I've been craving all morning, junkie thinking too, my head says you know it's an impossible situation, you can't handle it!  To that I say, just watch me!!  Today I up my Chantix to 2 mg.  I hope it helps me, but I must fight to stay quit.

An urgent request from me...........my youngest daughter lives in San Jose, California.  They are being evacuated due to  forest fire down the street.  They have a sick dog who needs surgery, and right now my daughter is there alone while her husband rushes home from work.  Please pray for their families safety!!  I am petrified at this moment.  Cherie, my daughter is trying to pack important papers, I won't know until later if they got out or if they are safe, or where they will go!!!  She says she has an emergency pack to take.  Luna their dog is really ill and needs surgery within the next week.
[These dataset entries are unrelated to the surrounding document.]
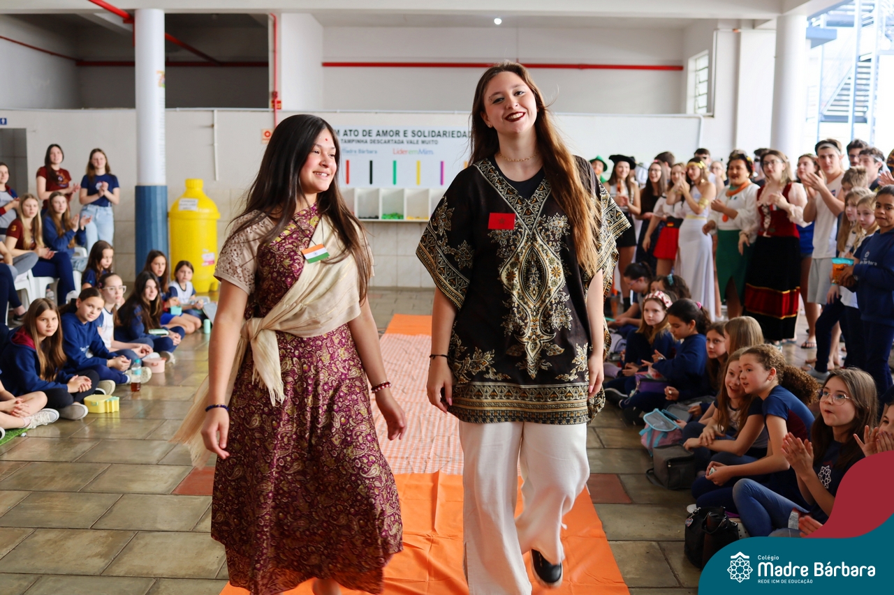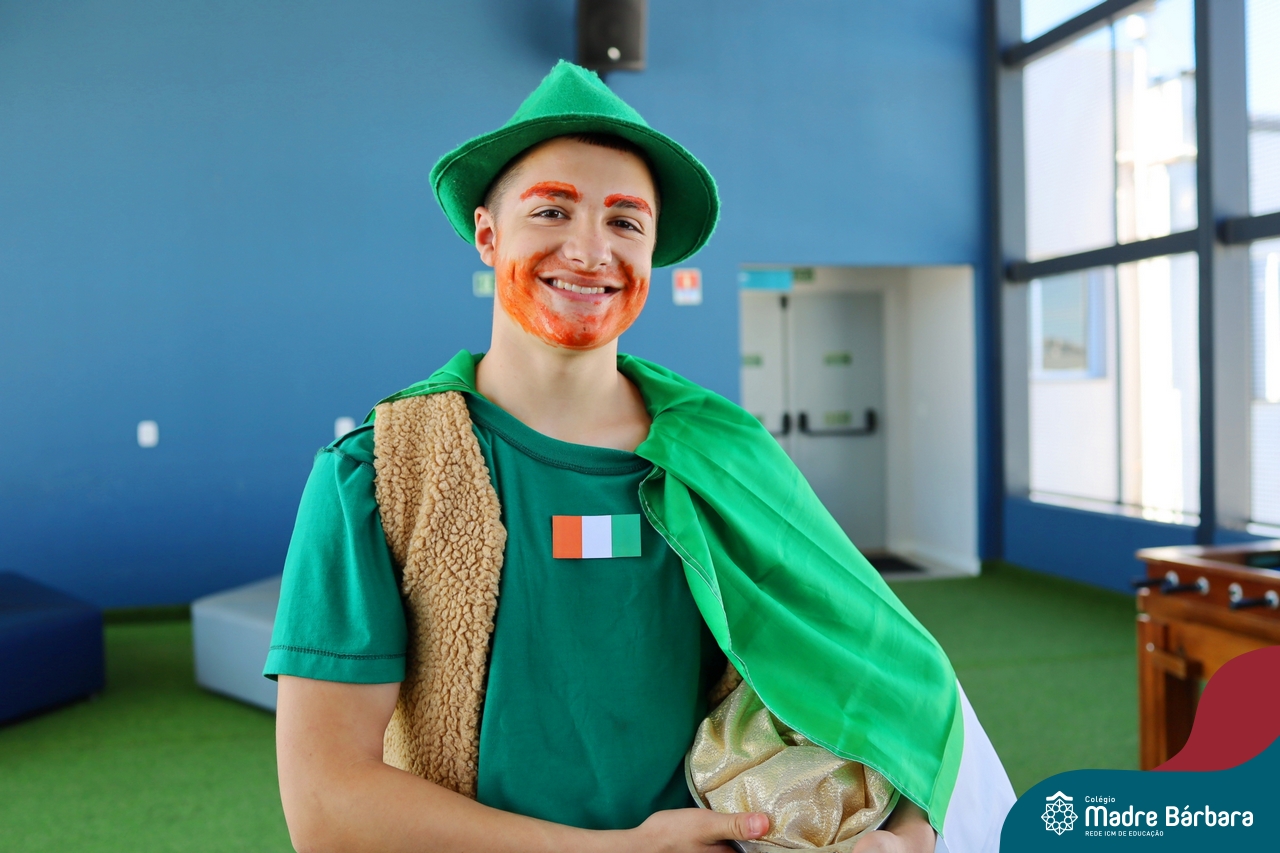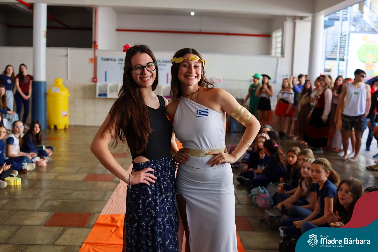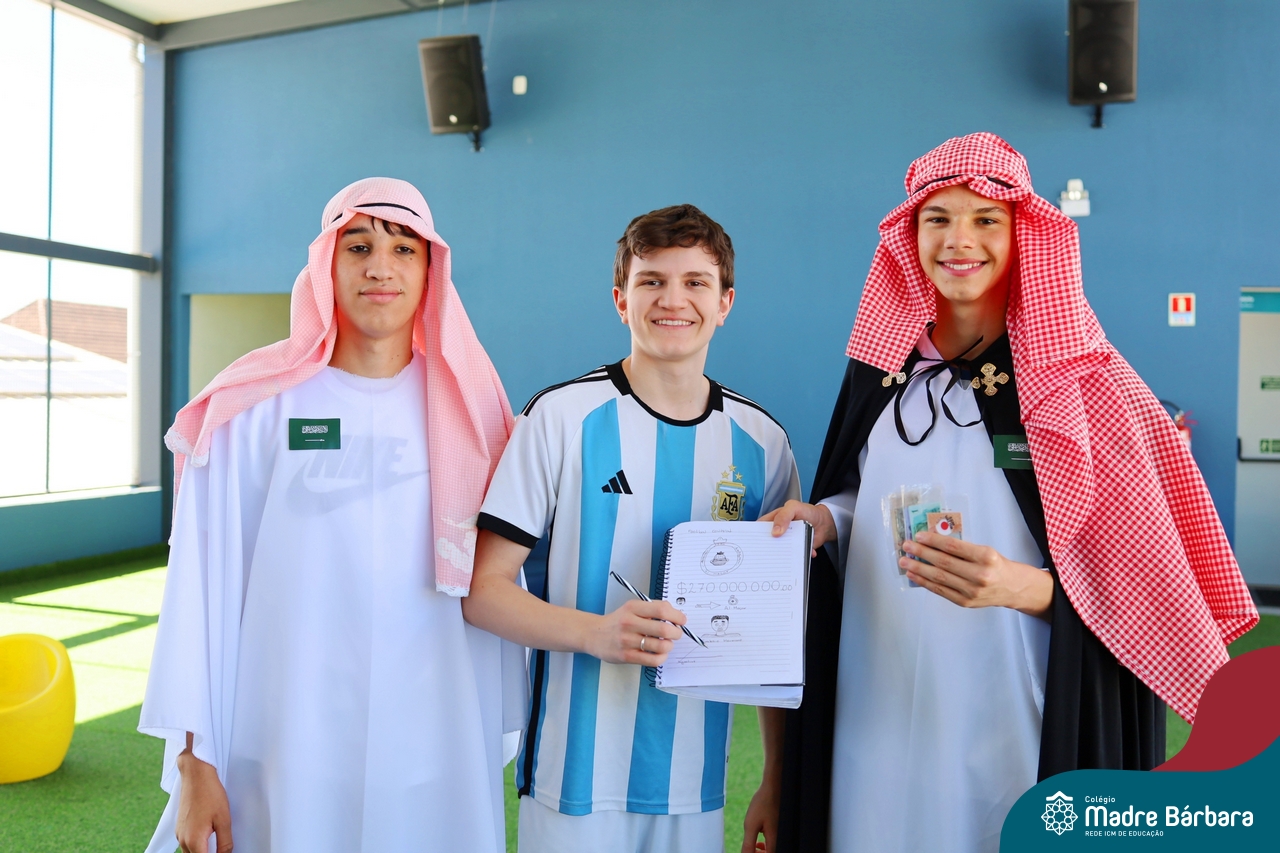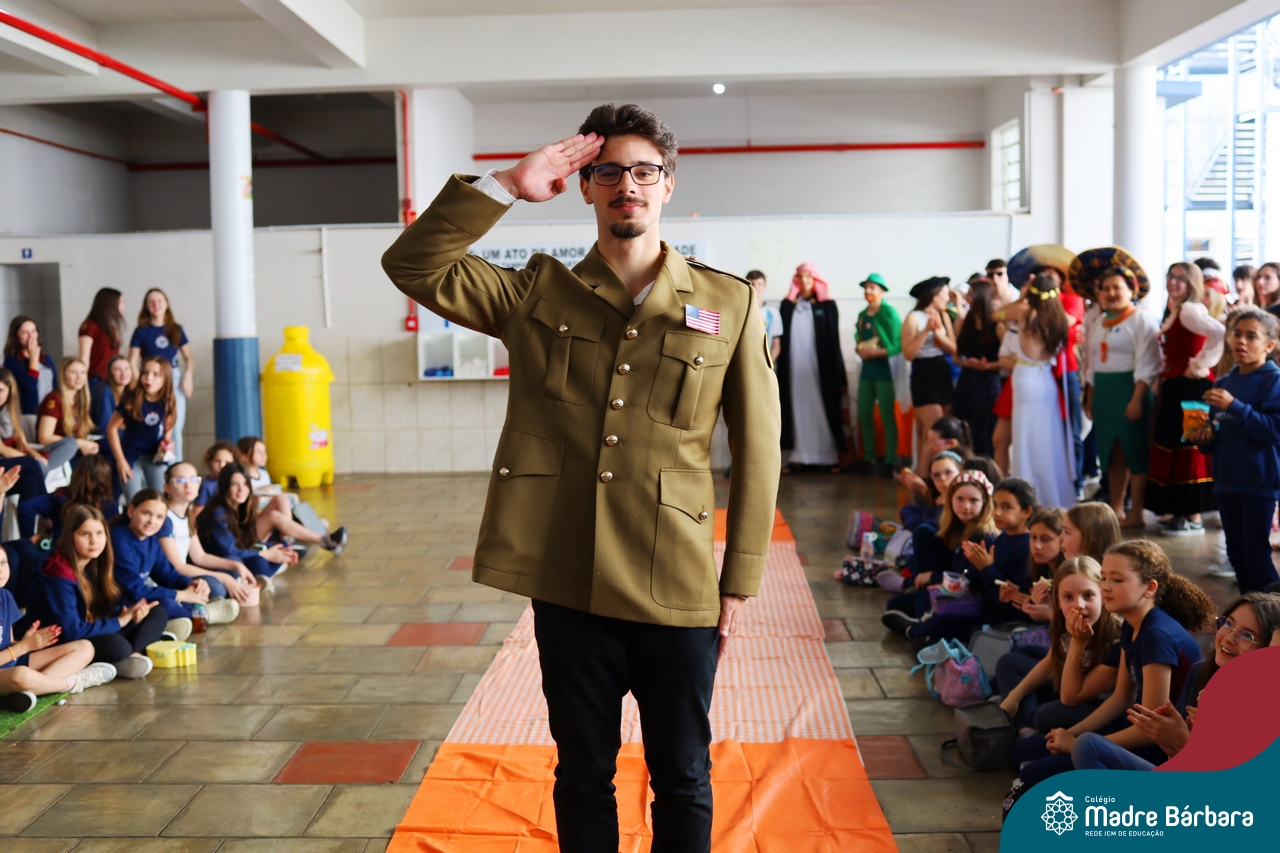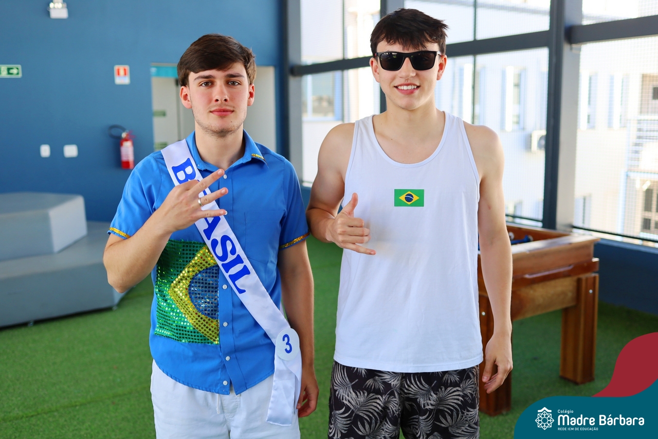 O Grêmio Estudantil do Colégio Madre Bárbara (Gembar) organizou o último trote do ano, superdivertido e cheio de criatividade com os estudantes do Terceirão. O tema foi “Países e Culturas”, e cada estudante caprichou nas vestimentas, representando diferentes partes do mundo com muito respeito e originalidade. Durante o evento, os alunos fizeram um lanche coletivo, posaram para fotos na área verde e animaram o recreio com um desfile cultural na área coberta. O momento foi marcado por integração, alegria e descontração, celebrando o espírito de união e encerrando mais uma etapa importante da caminhada escolar.
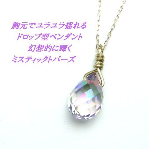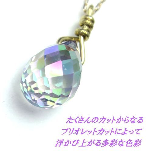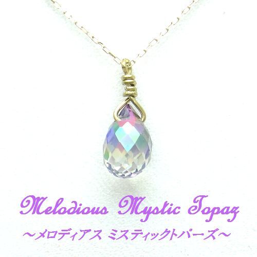K10 メロディアス ミスティックトパーズ ブリオレット ペンダント YG WG ネックレス 40cm ジュエリー ドロップ 雫 ゆらゆら揺れる 箱付き
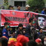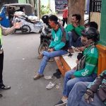 Sosialisasi himbauan Kamseltibcar Lantas dan Protokol Kesehatan Pencegahan Covid-19 kepada pengemudi ojek di Jl. Mandala Tengah, Tomang, Jakbar,Selasa(14/7/20).
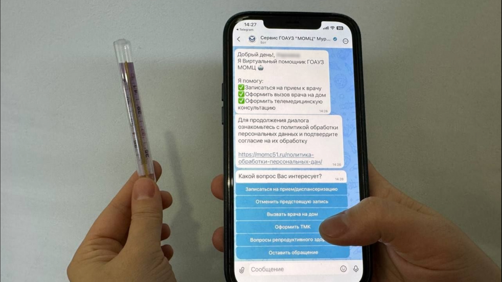 Чат-бот «Диспансеризация» позволяет записаться на диспансеризацию, на приём к врачу, оформить вызов на дом или получить телемедицинскую консультацию во взрослых поликлиниках Мурманска.
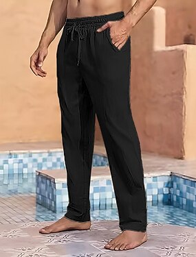 Pánské Plátěné kalhoty Kalhoty Letní kalhoty Volné kalhoty Plážové kalhoty Šňůrky Elastický pas Straight-Leg Bez vzoru Pohodlné Prodyšné Plná délka Venkovní Denní Dovolená prázdniny Módní Černá Bílá
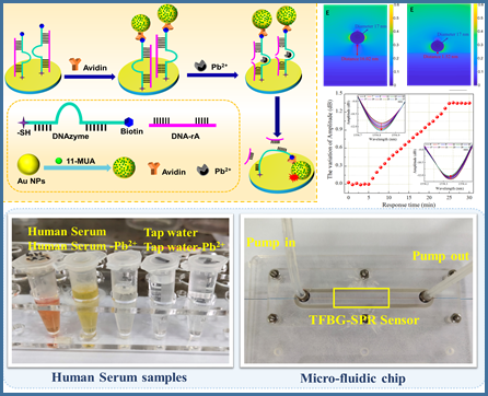 为了先期验证金属离子检测技术,课题组与辽宁省肿瘤医院首先针对常见引起人体血液中毒的金属离子---铅离子进行痕量检测设计及临床样本验证,利用紧凑、高性能的倾斜光纤光栅(TFBG)表面等离子体共振(SPR)传感技术,结合高选择性、高稳定性的生物DNA靶向识别技术,课题组提出了一种新型的DNA剪切酶光纤生物传感器,实现痕量重金属铅离子检测。该近红外光纤生物传感器检测极限(LOD)低至8×10-12M(8 pM),低于其他光纤汞离子检测技术3个数量级,是目前已报道光纤铅离子检测传感器中最低检测极限。同时具备优秀的选择性和大动态检测范围(10-11M~10-6M)。最终在临床人体血清样本中证实了TFBG-SPR-DNAzyme-GNPs铅离子检测的抗干扰性、实用性及良好回收率。
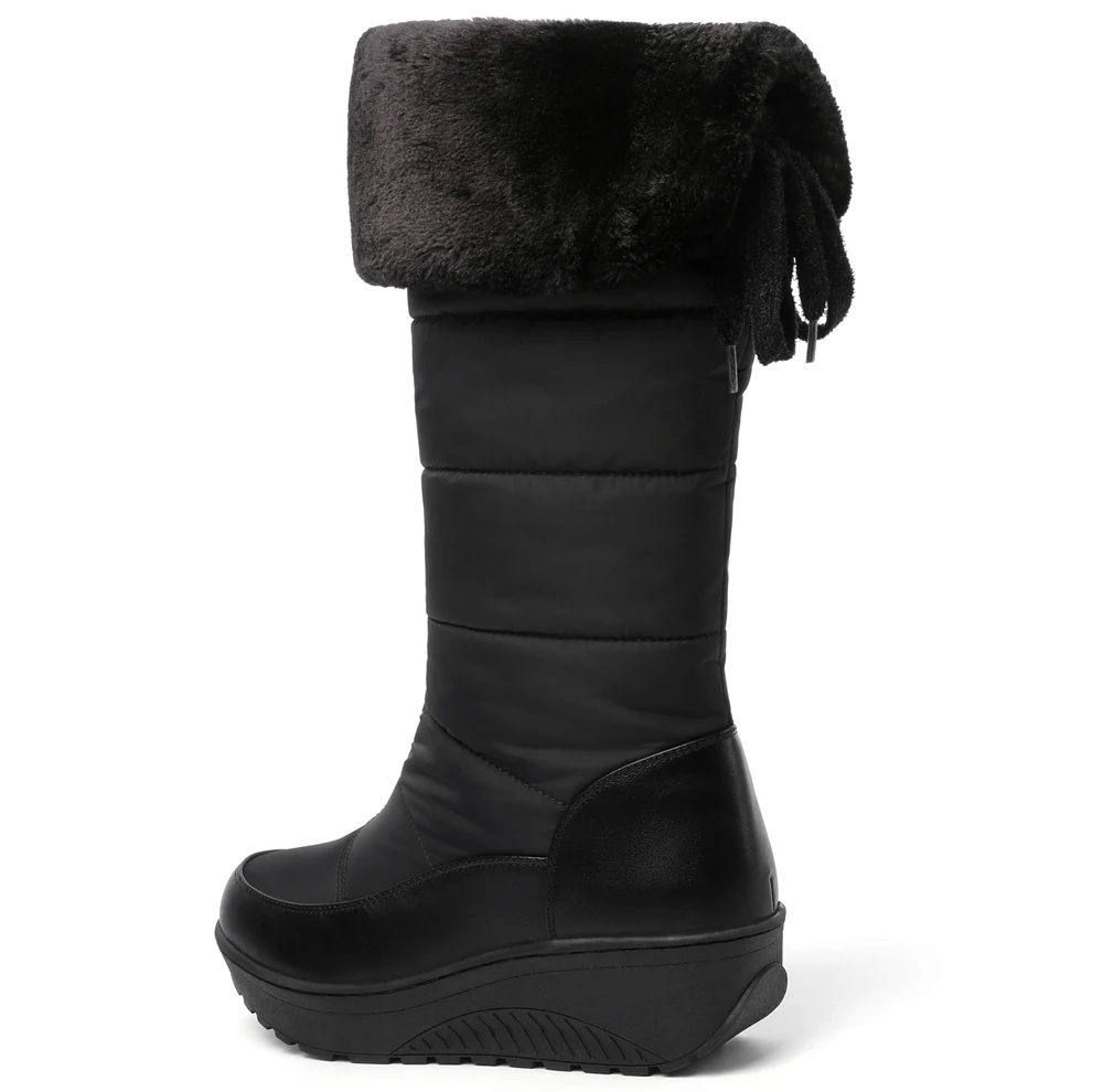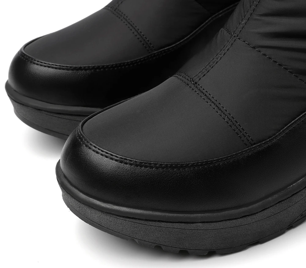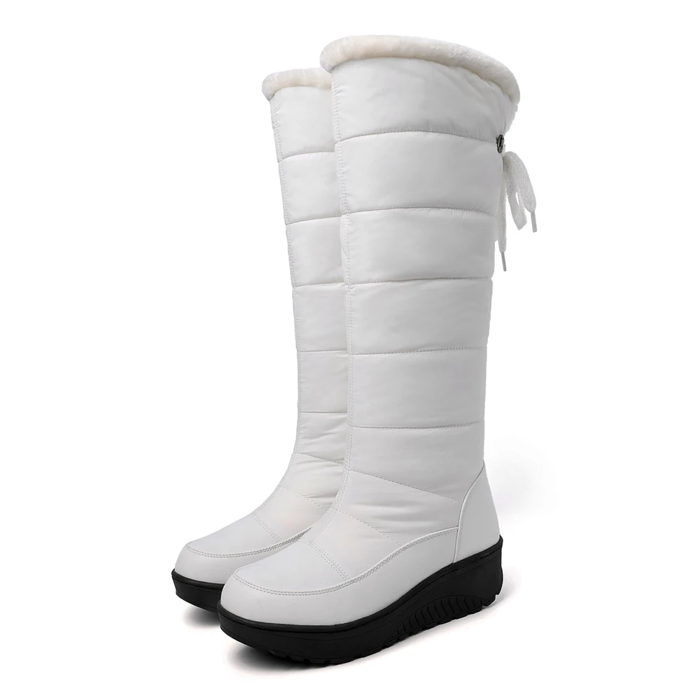 ▶Длинные сапоги изготовлены из ПУ и dow n cloth.com, удобные, дышащие, водонепроницаемые.
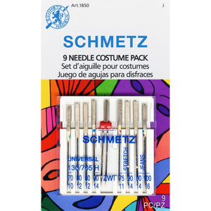 Schmetz Costume Needle Set is designed for costume and cosplay projects. This nine-pack includes universal, stretch, jeans, and twin needles ranging in sizes from 70/10 to 100/16. Use stretch needles when sewing knits and stretch fabrics like spandex, lycra, elastic, and dance/swimwear fabric. The denim needle can be used on canvas, denim, and twill, while the universal needle is excellent for woven fabrics, cotton, poly/cotton, linens, nylon, and polyester. These needles can be used in household sewing machine brands where needles with a flat shank are required.
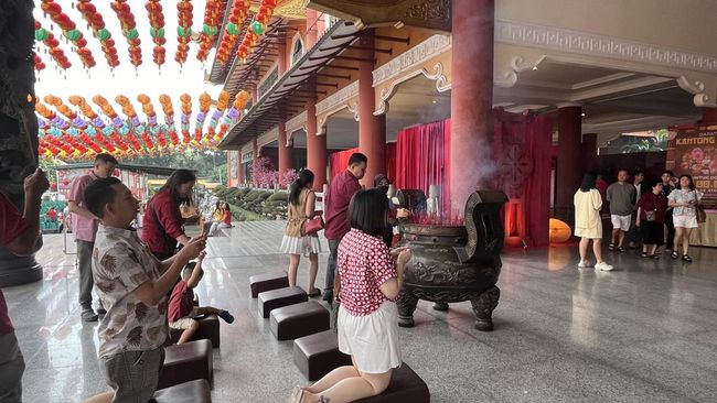 "Tiap tahun pasti ajak keluarga besar saat Imlek ke vihara ini untuk ibadah ya. Kita suka suasananya dan dekat juga dari rumah," kata Lina.
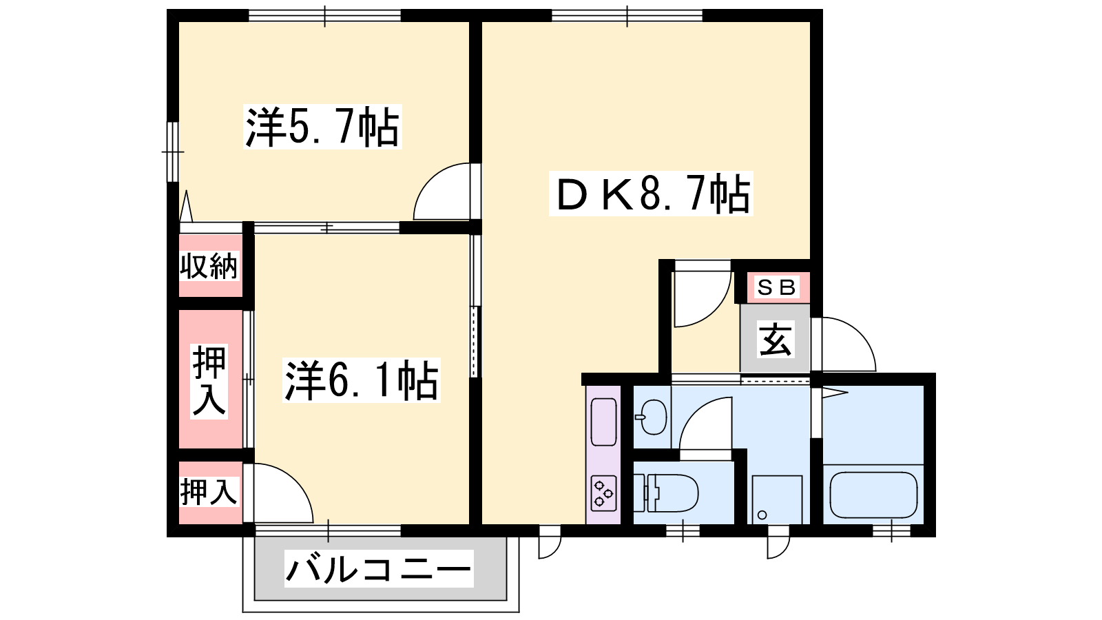 - LDK8.7帖、洋室5.8帖、洋室6.1帖

I am really concerned for their safety.  I'm anxious as any mother would be.  Please say a prayer for them or send positive vibes their way!!  Yesterday it was just the $10,000.00 for Luna's surgery that was on the line, now it is there safety and future.

Love you all.  

Chris

Someone pointed out to me today that cigarettes are my abuser.  Well, I'm ready to be free today!

I've been taking the Chantix, and I feel it will help me with this.  I have been following instructions to the letter, and even tho I had some problems in the beginning with bad side effects I am willing to keep going.  Today I will get my quit kit together with straws and cinnamon sticks, and I have carrots and celery to munch on, I will also get some liqorish as a treat.  Today I also find out if my daughter has to put down her dog Luna.  She has splayed legs, and if it's not possibly to do surgery then she won't be able to support her weight anymore, she weighs 90 lbs. and she is only six months old.  I pray for the best outcome for her and my daughter loves her so much.  She is a Great Dane and if she comes through this and grows up she will weigh 140 lbs.  Anyway, this just happens to co-inside with my quit date.  

I will keep trying to de-stress by using breathing and Yoga and by keeping busy.  I am waiting for her call.

I am ready to get on with my quit no matter what happens today!

Christine13

Have started Chantix

Posted by Christine13 Jul 6, 2018

Hi, it's been a while since I've written.  I started Chantix on July 4th.  I have been trying the same method for years, and either I wasn't working it, or I just found it too hard.  I'm hoping Chantix will help me to stay quit.  The first day on it, I was like, wheee woooo all day.  My quit day is July 10th.  I've been sick since Father's Day, and had blood tests done on Tuesday, I am starting to feel a bit better.  I have read Allen Carr's book, over again.  Any one else find Chantix helped them to finally quit for good?